Biovac, a leading South African vaccine manufacturer, has secured a major financing package from the International Finance Corporation (IFC), the EIB Group, and the European Commission to establish Africa’s first end-to-end multi-vaccine manufacturing facility. The investment combines a $20 million IFC senior loan with additional mobilization underway and a €75 million quasi-equity investment from the EIB Group under the Human Development Accelerator (HDX) guarantee programme, supported by the European Commission. The project is also aligned with broader initiatives such as AIM2030, the African Vaccine Manufacturing Accelerator, and global health resilience efforts aimed at improving equitable access to essential medicines across Africa.
The new facility is expected to significantly expand Africa’s vaccine manufacturing capacity and strengthen preparedness for future pandemics. It will initially produce the oral cholera vaccine and later expand to include vaccines for polio, pneumonia, and meningitis.
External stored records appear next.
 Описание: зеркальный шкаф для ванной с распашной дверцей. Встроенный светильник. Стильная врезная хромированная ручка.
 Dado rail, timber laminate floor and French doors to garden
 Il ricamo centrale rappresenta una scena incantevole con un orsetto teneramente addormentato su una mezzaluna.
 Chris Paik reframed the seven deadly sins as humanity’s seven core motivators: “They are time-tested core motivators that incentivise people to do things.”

Once fully operational by 2028, the facility is projected to manufacture up to 30–40 million vaccine doses annually, helping address around 40% of the global cholera vaccine supply gap while supplying regional demand through procurement partners such as UNICEF and Gavi, the Vaccine Alliance.
Beyond improving vaccine access, the project is expected to create over 340 skilled jobs and around 7,000 indirect jobs, while also supporting technology transfer, industrial innovation, and long-term health system resilience across the continent. It is positioned as a landmark step toward reducing Africa’s dependence on external vaccine suppliers and strengthening local production capacity.
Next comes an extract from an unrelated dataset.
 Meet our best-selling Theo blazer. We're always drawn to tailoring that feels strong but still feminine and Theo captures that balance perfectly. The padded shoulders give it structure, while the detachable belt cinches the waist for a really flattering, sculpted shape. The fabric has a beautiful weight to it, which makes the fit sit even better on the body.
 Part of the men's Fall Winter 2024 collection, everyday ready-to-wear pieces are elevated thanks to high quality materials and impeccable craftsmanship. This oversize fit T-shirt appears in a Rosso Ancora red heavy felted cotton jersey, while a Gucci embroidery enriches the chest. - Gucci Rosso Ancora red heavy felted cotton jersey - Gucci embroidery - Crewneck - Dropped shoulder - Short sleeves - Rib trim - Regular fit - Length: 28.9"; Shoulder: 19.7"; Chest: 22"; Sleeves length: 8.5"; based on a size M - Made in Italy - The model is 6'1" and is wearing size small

Development finance leaders highlighted the project as a model for global partnership-driven health investment. IFC emphasized that building local manufacturing capacity is a strategic priority for health security, while the EIB Group described the initiative as a historic step toward producing vaccines in Africa for Africa. The European Commission highlighted its role under the Global Gateway strategy in mobilizing blended finance, and the Gates Foundation underscored the importance of improving equitable and timely vaccine access through such targeted collaborations.
The initiative also aligns with the African Union’s Vision 2040 goal of producing 60% of vaccines locally and contributes to multiple Sustainable Development Goals, including health, economic growth, innovation, and global partnerships.